[EXERCISE DATA]:
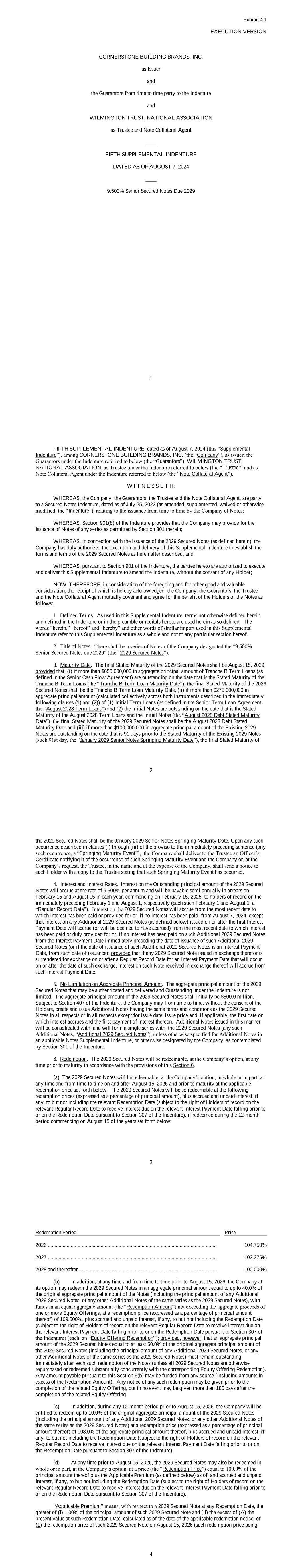 Exhibit 4.1 EXECUTION VERSION 1 CORNERSTONE BUILDING BRANDS, INC. as Issuer and the Guarantors from time to time party to the Indenture and WILMINGTON TRUST, NATIONAL ASSOCIATION as Trustee and Note Collateral Agent ____ FIFTH SUPPLEMENTAL INDENTURE DATED AS OF AUGUST 7, 2024 ____ 9.500% Senior Secured Notes Due 2029 2 FIFTH SUPPLEMENTAL INDENTURE, dated as of August 7, 2024 (this “Supplemental Indenture”), among CORNERSTONE BUILDING BRANDS, INC. (the “Company”), as issuer, the Guarantors under the Indenture referred to below (the “Guarantors”), WILMINGTON TRUST, NATIONAL ASSOCIATION, as Trustee under the Indenture referred to below (the “Trustee”) and as Note Collateral Agent under the Indenture referred to below (the “Note Collateral Agent”). W I T N E S S E T H: WHEREAS, the Company, the Guarantors, the Trustee and the Note Collateral Agent, are party to a Secured Notes Indenture, dated as of July 25, 2022 (as amended, supplemented, waived or otherwise modified, the “Indenture”), relating to the issuance from time to time by the Company of Notes; WHEREAS, Section 901(8) of the Indenture provides that the Company may provide for the issuance of Notes of any series as permitted by Section 301 therein; WHEREAS, in connection with the issuance of the 2029 Secured Notes (as defined herein), the Company has duly authorized the execution and delivery of this Supplemental Indenture to establish the forms and terms of the 2029 Secured Notes as hereinafter described; and WHEREAS, pursuant to Section 901 of the Indenture, the parties hereto are authorized to execute and deliver this Supplemental Indenture to amend the Indenture, without the consent of any Holder; NOW, THEREFORE, in consideration of the foregoing and for other good and valuable consideration, the receipt of which is hereby acknowledged, the Company, the Guarantors, the Trustee and the Note Collateral Agent mutually covenant and agree for the benefit of the Holders of the Notes as follows: 1. Defined Terms. As used in this Supplemental Indenture, terms not otherwise defined herein and defined in the Indenture or in the preamble or recitals hereto are used herein as so defined. The words “herein,” “hereof” and “hereby” and other words of similar import used in this Supplemental Indenture refer to this Supplemental Indenture as a whole and not to any particular section hereof. 2. Title of Notes. There shall be a series of Notes of the Company designated the “9.500% Senior Secured Notes due 2029” (the “2029 Secured Notes”). 3. Maturity Date. The final Stated Maturity of the 2029 Secured Notes shall be August 15, 2029; provided that, (i) if more than $650,000,000 in aggregate principal amount of Tranche B Term Loans (as defined in the Senior Cash Flow Agreement) are outstanding on the date that is the Stated Maturity of the Tranche B Term Loans (the “Tranche B Term Loan Maturity Date”), the final Stated Maturity of the 2029 Secured Notes shall be the Tranche B Term Loan Maturity Date, (ii) if more than $275,000,000 in aggregate principal amount (calculated collectively across both instruments described in the immediately following clauses (1) and (2)) of (1) Initial Term Loans (as defined in the Senior Term Loan Agreement, the “August 2028 Term Loans”) and (2) the Initial Notes are outstanding on the date that is the Stated Maturity of the August 2028 Term Loans and the Initial Notes (the “August 2028 Debt Stated Maturity Date”), the final Stated Maturity of the 2029 Secured Notes shall be the August 2028 Debt Stated Maturity Date and (iii) if more than $100,000,000 in aggregate principal amount of the Existing 2029 Notes are outstanding on the date that is 91 days prior to the Stated Maturity of the Existing 2029 Notes (such 91st day, the “January 2029 Senior Notes Springing Maturity Date”), the final Stated Maturity of 3 the 2029 Secured Notes shall be the January 2029 Senior Notes Springing Maturity Date. Upon any such occurrence described in clauses (i) through (iii) of the proviso to the immediately preceding sentence (any such occurrence, a “Springing Maturity Event”), the Company shall deliver to the Trustee an Officer’s Certificate notifying it of the occurrence of such Springing Maturity Event and the Company or, at the Company’s request, the Trustee, in the name and at the expense of the Company, shall send a notice to each Holder with a copy to the Trustee stating that such Springing Maturity Event has occurred. 4. Interest and Interest Rates. Interest on the Outstanding principal amount of the 2029 Secured Notes will accrue at the rate of 9.500% per annum and will be payable semi-annually in arrears on February 15 and August 15 in each year, commencing on February 15, 2025, to holders of record on the immediately preceding February 1 and August 1, respectively (each such February 1 and August 1, a “Regular Record Date”). Interest on the 2029 Secured Notes will accrue from the most recent date to which interest has been paid or provided for or, if no interest has been paid, from August 7, 2024, except that interest on any Additional 2029 Secured Notes (as defined below) issued on or after the first Interest Payment Date will accrue (or will be deemed to have accrued) from the most recent date to which interest has been paid or duly provided for or, if no interest has been paid on such Additional 2029 Secured Notes, from the Interest Payment Date immediately preceding the date of issuance of such Additional 2029 Secured Notes (or if the date of issuance of such Additional 2029 Secured Notes is an Interest Payment Date, from such date of issuance); provided that if any 2029 Secured Note issued in exchange therefor is surrendered for exchange on or after a Regular Record Date for an Interest Payment Date that will occur on or after the date of such exchange, interest on such Note received in exchange thereof will accrue from such Interest Payment Date. 5. 
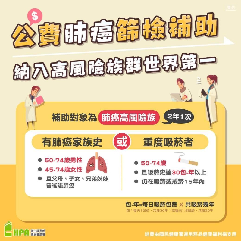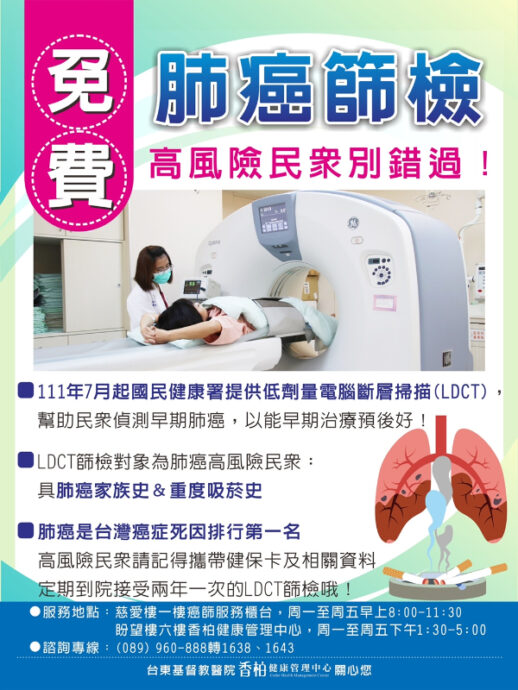 衛生局指出,自7月1日起,癌症篩檢又多了一項新的肺癌免費篩檢政策,凡是符合下列任一肺癌高風險族群對象:1.具肺癌家族史:50至74歲男性或45至74歲女性,且其父母、子女或兄弟姊妹經診斷為肺癌之民眾;2.重度吸菸史:50至74歲吸菸史達30包-年以上,有意願戒菸或戒菸15年內的重度吸菸者,也可洽詢台東基督教醫院預約檢查。
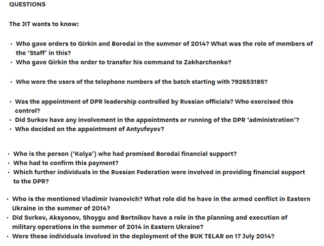 коммюнике с обращения к свидетелям. "ОСГ ищет информацию о лицах в военной и административной иерархической структуре, которые создали условия для сбития МН17 в Восточной Украине с помощью BUK TELAR". Выражение "создали условия" подразумевает виновность российского правительства в разрушении самолета посредством вертикали подчинения, идущей от Кремля до района боевых действий в восточной Украине.
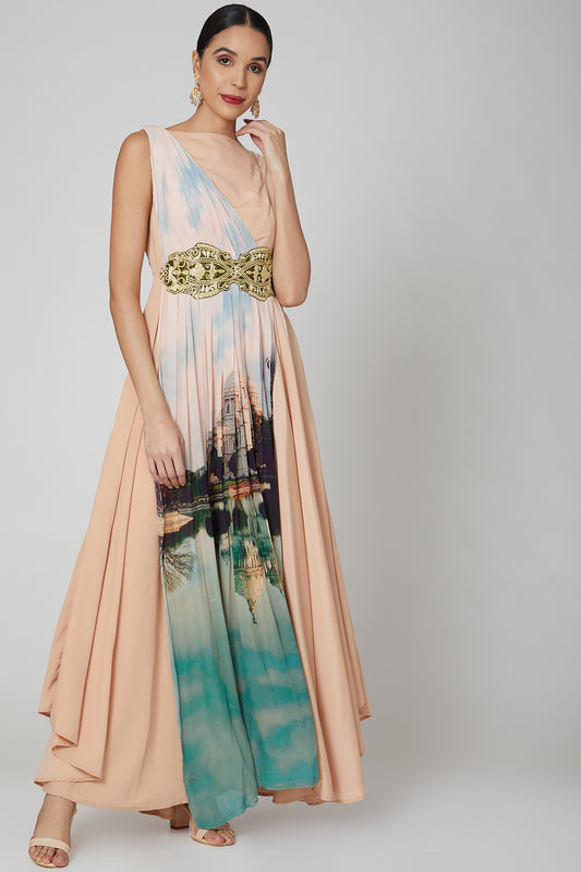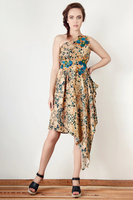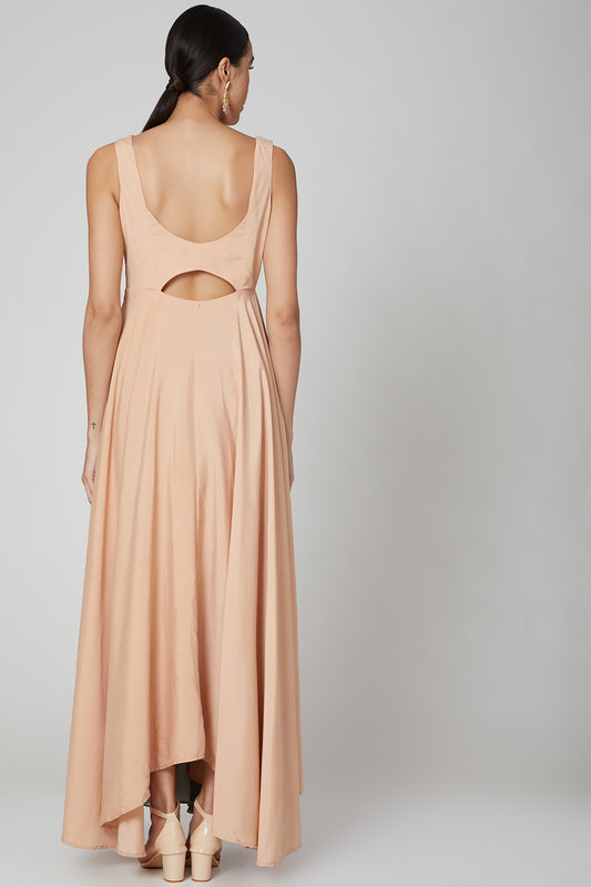 Coral Pink Floral Embroidered Dress with A-line silhouette

[WHAT YOU HAVE TO DO]: To complete the exercise, return the listing above exactly and omit its pictures.

[PROBLEM SOLUTION]:
 Exhibit 4.1 EXECUTION VERSION 1 CORNERSTONE BUILDING BRANDS, INC. as Issuer and the Guarantors from time to time party to the Indenture and WILMINGTON TRUST, NATIONAL ASSOCIATION as Trustee and Note Collateral Agent ____ FIFTH SUPPLEMENTAL INDENTURE DATED AS OF AUGUST 7, 2024 ____ 9.500% Senior Secured Notes Due 2029 2 FIFTH SUPPLEMENTAL INDENTURE, dated as of August 7, 2024 (this “Supplemental Indenture”), among CORNERSTONE BUILDING BRANDS, INC. (the “Company”), as issuer, the Guarantors under the Indenture referred to below (the “Guarantors”), WILMINGTON TRUST, NATIONAL ASSOCIATION, as Trustee under the Indenture referred to below (the “Trustee”) and as Note Collateral Agent under the Indenture referred to below (the “Note Collateral Agent”). W I T N E S S E T H: WHEREAS, the Company, the Guarantors, the Trustee and the Note Collateral Agent, are party to a Secured Notes Indenture, dated as of July 25, 2022 (as amended, supplemented, waived or otherwise modified, the “Indenture”), relating to the issuance from time to time by the Company of Notes; WHEREAS, Section 901(8) of the Indenture provides that the Company may provide for the issuance of Notes of any series as permitted by Section 301 therein; WHEREAS, in connection with the issuance of the 2029 Secured Notes (as defined herein), the Company has duly authorized the execution and delivery of this Supplemental Indenture to establish the forms and terms of the 2029 Secured Notes as hereinafter described; and WHEREAS, pursuant to Section 901 of the Indenture, the parties hereto are authorized to execute and deliver this Supplemental Indenture to amend the Indenture, without the consent of any Holder; NOW, THEREFORE, in consideration of the foregoing and for other good and valuable consideration, the receipt of which is hereby acknowledged, the Company, the Guarantors, the Trustee and the Note Collateral Agent mutually covenant and agree for the benefit of the Holders of the Notes as follows: 1. Defined Terms. As used in this Supplemental Indenture, terms not otherwise defined herein and defined in the Indenture or in the preamble or recitals hereto are used herein as so defined. The words “herein,” “hereof” and “hereby” and other words of similar import used in this Supplemental Indenture refer to this Supplemental Indenture as a whole and not to any particular section hereof. 2. Title of Notes. There shall be a series of Notes of the Company designated the “9.500% Senior Secured Notes due 2029” (the “2029 Secured Notes”). 3. Maturity Date. The final Stated Maturity of the 2029 Secured Notes shall be August 15, 2029; provided that, (i) if more than $650,000,000 in aggregate principal amount of Tranche B Term Loans (as defined in the Senior Cash Flow Agreement) are outstanding on the date that is the Stated Maturity of the Tranche B Term Loans (the “Tranche B Term Loan Maturity Date”), the final Stated Maturity of the 2029 Secured Notes shall be the Tranche B Term Loan Maturity Date, (ii) if more than $275,000,000 in aggregate principal amount (calculated collectively across both instruments described in the immediately following clauses (1) and (2)) of (1) Initial Term Loans (as defined in the Senior Term Loan Agreement, the “August 2028 Term Loans”) and (2) the Initial Notes are outstanding on the date that is the Stated Maturity of the August 2028 Term Loans and the Initial Notes (the “August 2028 Debt Stated Maturity Date”), the final Stated Maturity of the 2029 Secured Notes shall be the August 2028 Debt Stated Maturity Date and (iii) if more than $100,000,000 in aggregate principal amount of the Existing 2029 Notes are outstanding on the date that is 91 days prior to the Stated Maturity of the Existing 2029 Notes (such 91st day, the “January 2029 Senior Notes Springing Maturity Date”), the final Stated Maturity of 3 the 2029 Secured Notes shall be the January 2029 Senior Notes Springing Maturity Date. Upon any such occurrence described in clauses (i) through (iii) of the proviso to the immediately preceding sentence (any such occurrence, a “Springing Maturity Event”), the Company shall deliver to the Trustee an Officer’s Certificate notifying it of the occurrence of such Springing Maturity Event and the Company or, at the Company’s request, the Trustee, in the name and at the expense of the Company, shall send a notice to each Holder with a copy to the Trustee stating that such Springing Maturity Event has occurred. 4. Interest and Interest Rates. Interest on the Outstanding principal amount of the 2029 Secured Notes will accrue at the rate of 9.500% per annum and will be payable semi-annually in arrears on February 15 and August 15 in each year, commencing on February 15, 2025, to holders of record on the immediately preceding February 1 and August 1, respectively (each such February 1 and August 1, a “Regular Record Date”). Interest on the 2029 Secured Notes will accrue from the most recent date to which interest has been paid or provided for or, if no interest has been paid, from August 7, 2024, except that interest on any Additional 2029 Secured Notes (as defined below) issued on or after the first Interest Payment Date will accrue (or will be deemed to have accrued) from the most recent date to which interest has been paid or duly provided for or, if no interest has been paid on such Additional 2029 Secured Notes, from the Interest Payment Date immediately preceding the date of issuance of such Additional 2029 Secured Notes (or if the date of issuance of such Additional 2029 Secured Notes is an Interest Payment Date, from such date of issuance); provided that if any 2029 Secured Note issued in exchange therefor is surrendered for exchange on or after a Regular Record Date for an Interest Payment Date that will occur on or after the date of such exchange, interest on such Note received in exchange thereof will accrue from such Interest Payment Date. 5. 
 衛生局指出,自7月1日起,癌症篩檢又多了一項新的肺癌免費篩檢政策,凡是符合下列任一肺癌高風險族群對象:1.具肺癌家族史:50至74歲男性或45至74歲女性,且其父母、子女或兄弟姊妹經診斷為肺癌之民眾;2.重度吸菸史:50至74歲吸菸史達30包-年以上,有意願戒菸或戒菸15年內的重度吸菸者,也可洽詢台東基督教醫院預約檢查。
 коммюнике с обращения к свидетелям. "ОСГ ищет информацию о лицах в военной и административной иерархической структуре, которые создали условия для сбития МН17 в Восточной Украине с помощью BUK TELAR". Выражение "создали условия" подразумевает виновность российского правительства в разрушении самолета посредством вертикали подчинения, идущей от Кремля до района боевых действий в восточной Украине.
 Coral Pink Floral Embroidered Dress with A-line silhouette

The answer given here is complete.